Asentí sonriendo, porque tampoco era plan de chafar las buenas intenciones de mi amigo a las primeras de cambio.
—Mientras se alejaba de palacio, Daniel meditaba cuáles deberían ser los primeros pasos para cumplir con su extraña misión:
«¿Por dónde empezar?», se preguntaba inquieto. «Tal vez tendría que consultar a los sabios del reino y que ellos me dieran pistas sobre qué estrategia he de seguir. Pero, por otra parte —se rebatía—, así solo podría acceder a la opinión de unos pocos eruditos, y nunca a la versión real del pueblo, que es la que voy buscando. No, no, no… —agitó la cabeza vigorosamente, desechando con firmeza esa primera idea por ineficaz—. Debo preguntarles a ellos, a la gente. No sé aún de qué forma, pero he de lograr que me cuenten, por su propia voz, cómo se sienten, ya que solo así me será posible conocer al origen de su infelicidad…».

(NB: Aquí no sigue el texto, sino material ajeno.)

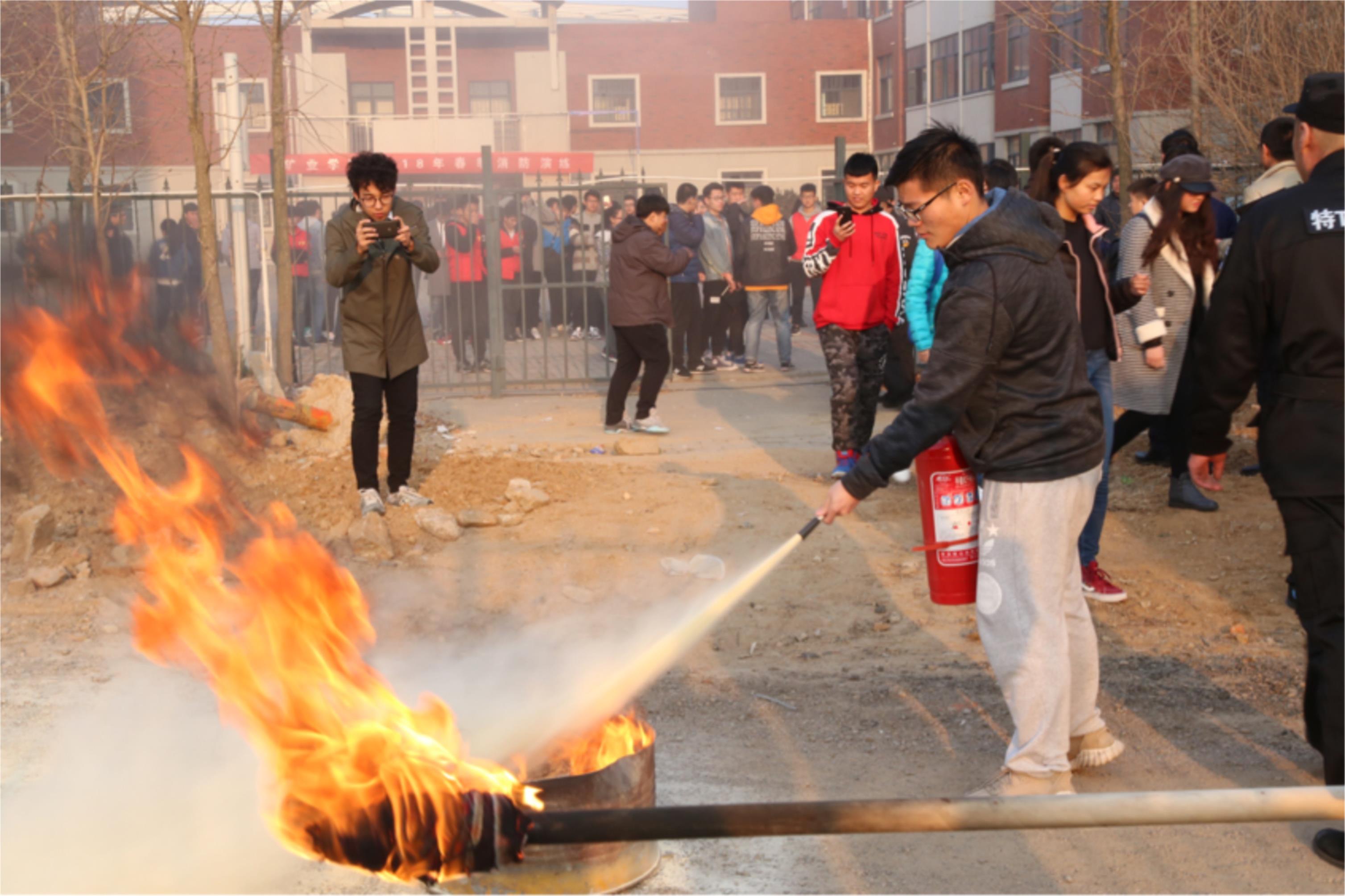 活动伊始,王春暖对公寓火灾防范、遇到火灾时的应急处理措施、消防器材的使用等知识进行了现场讲解,他说,火势灾情蔓延速度特别快,必须提高安全消防意识,切实增强自救能力。对校园火灾防范与应急处理,他提出了两点要求:一是学生要严格遵守公寓相关安全条例,严禁使用大功率电器、不合格电器;二是在校内遇到火情时要及时拨打校园火灾电话或联系消防部门。认真倾听相关讲解后,演练开始进行,同学们按照步骤操作灭火器,成功将燃起的浓烟大火扑灭。
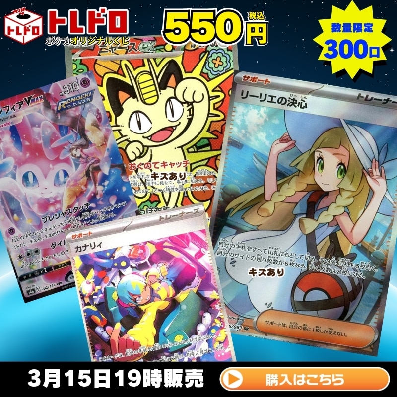 【トレドロバックナンバー】3/15 トレドロ販売!! 本日発売のポケカのトレドロは 1口550円 のトレドロを300口ご用意致しました!! 気になる大当たりは! 【★キズあり★リーリエの決心】 【★キズあり★ニャースex】 【ニンフィアVMAX】 等々豪華な仕上がりとなっております!! 発売は 3/15(日)19時より販売開始!! それでは早速封入カードをチェック!! ※販売価格は全てくじ作成日(3/10)の価格となります。 当たり! ★キズあり★リーリエの決心1枚 1口 11730円(税込) 当たり! ★キズあり★ニャースex1枚 1口 10030円(税込) 当たり! ニンフィアVMAX1枚 1口 8180円(税込) 当たり! カナリィ1枚 1口 7080円(税込) 当たり! ★キズあり★リザードンV1枚 1口 5933円(税込) 当たり! ★キズあり★ミライドンex1枚 1口 5933円(税込) 当たり! ★キズあり★メガリザードンXex1枚 1口 5848円(税込) 当たり! ★キズあり★オドリドリex1枚 1口 5423円(税込) 当たり! ★キズあり★ガラルギャロップV1枚 1口 4488円(税込) 当たり! ロケット団のラムダ1枚 1口 4180円(税込) 当たり! ジャローダex1枚 1口 3580円(税込) 当たり! ジャッジマン1枚 1口 3480円(税込) 当たり! ★キズあり★ヒスイゾロアークVSTAR1枚 1口 3383円(税込) 当たり! ★キズあり★メガスターミーex1枚 1口 3298円(税込) 当たり! ★キズあり★ジラーチ1枚 1口 3043円(税込) 当たり! ★キズあり★ミュウex1枚 1口 2958円(税込) 当たり! ★キズあり★バシャーモV1枚 1口 2958円(税込) 当たり! ヒビキのバクフーン1枚 1口 2580円(税込) 当たり! Nのレシラム1枚 1口 2480円(税込) 当たり! ★キズあり★カミツオロチex1枚 1口 2363円(税込) 当たり! ★キズあり★リザード1枚 1口 2363円(税込) 当たり! ★キズあり★ラッキー1枚 1口 2023円(税込) 当たり! ロケット団のニャース1枚 1口 1980円(税込) 当たり! ★キズあり★おじょうさま1枚 1口 1853円(税込) 当たり! ★キズあり★コーチトレーナー1枚 1口 1683円(税込) 当たり! ★キズあり★ビクティニVMAX1枚 1口 1683円(税込) 当たり! ★キズあり★コダック1枚 1口 1513円(税込) 当たり! フリーザー1枚 1口 1380円(税込) 当たり! ★キズあり★ピィ1枚 1口 1343円(税込) 当たり! ★キズあり★チルタリス1枚 1口 1343円(税込) 当たり! ★キズあり★ガラルファイヤーV1枚 1口 1258円(税込) 当たり! ★キズあり★モノマネむすめ1枚 1口 1258円(税込) 当たり! メガサーナイトex1枚 1口 1180円(税込) 当たり! メガルカリオex1枚 1口 1180円(税込) 当たり! ★キズあり★デデンネ1枚 1口 1173円(税込) 当たり! ★キズあり★ロケット団のファイヤーex1枚 1口 1173円(税込) 当たり! ★キズあり★ウルガモス1枚 1口 1173円(税込) 当たり! ★キズあり★リオル1枚 1口 1088円(税込) 当たり! ★キズあり★ガラルサンダーV1枚 1口 1088円(税込) 当たり! ★キズあり★メタモンV1枚 1口 1088円(税込) 当たり! ★キズあり★ロトムex1枚 1口 1088円(税込) 当たり! ★キズあり★キバナ1枚 1口 1088円(税込) 当たり! Nのゾロア1枚 1口 1080円(税込) 当たり! 博士の研究1枚 1口 1080円(税込) 当たり! マナフィ1枚 1口 980円(税込) 当たり! ★キズあり★ともだちてちょう1枚 1口 918円(税込) 当たり! ★キズあり★ピッピ1枚 1口 833円(税込) 当たり! ★キズあり★ヘルガー1枚 1口 833円(税込) 当たり! ★キズあり★メガスターミーex1枚 1口 833円(税込) 当たり! ★キズあり★マリィ1枚 1口 833円(税込) 当たり! リバーサルエネルギー1枚 1口 780円(税込) 当たり! ★キズあり★メガズルズキンex1枚 1口 620円(税込) ハズレ… モクロー1枚 22口 480円(税込) ハズレ… アマルルガ1枚 18口 350円(税込) ハズレ… エレザード1枚 18口 350円(税込) ハズレ… アゲハント1枚 15口 350円(税込) ハズレ… ミアレシティ1枚 20口 330円(税込) ハズレ… ラッタ1枚 20口 330円(税込) ハズレ… スピンロトム1枚 20口 300円(税込) ハズレ… ドロンチ1枚 15口 300円(税込) ポケカトレドロ550円クジは 3/15(日) 19時より発売開始!!! ご購入は下の画像をクリック!!

»Una de las primeras conclusiones a las que Daniel había llegado era la de que, para elaborar la ley de la felicidad, no estaba obligado a hablar solo con gente infeliz. Pensó que para el fin de su misión también le podría servir entrevistarse con los más felices, a fin de identificar las causas de su dicha y quizá difundirlas entre el resto. Tanto una opción como la otra, creía, le iban a resultar válidas para cumplir la encomienda real.
»Y así —continuó Fabrice—, Daniel emprendió su viaje. Sin nada premeditado, pero con la confianza plena de que el propio camino sería el encargado de ir descubriéndole, poco a poco, todo cuanto necesitaba saber. En realidad, creer de entrada en una resolución positiva de sus asuntos siempre le había servido para que estos, al final, acabaran saliendo bien. Y esta vez no tenía por qué ser distinto. Y como queriendo reforzar su inveterada y optimista teoría, no transcurrió demasiado tiempo antes de que observara a un hombre llorando desconsoladamente en un banco del parque que cruzaba aún sin destino concreto…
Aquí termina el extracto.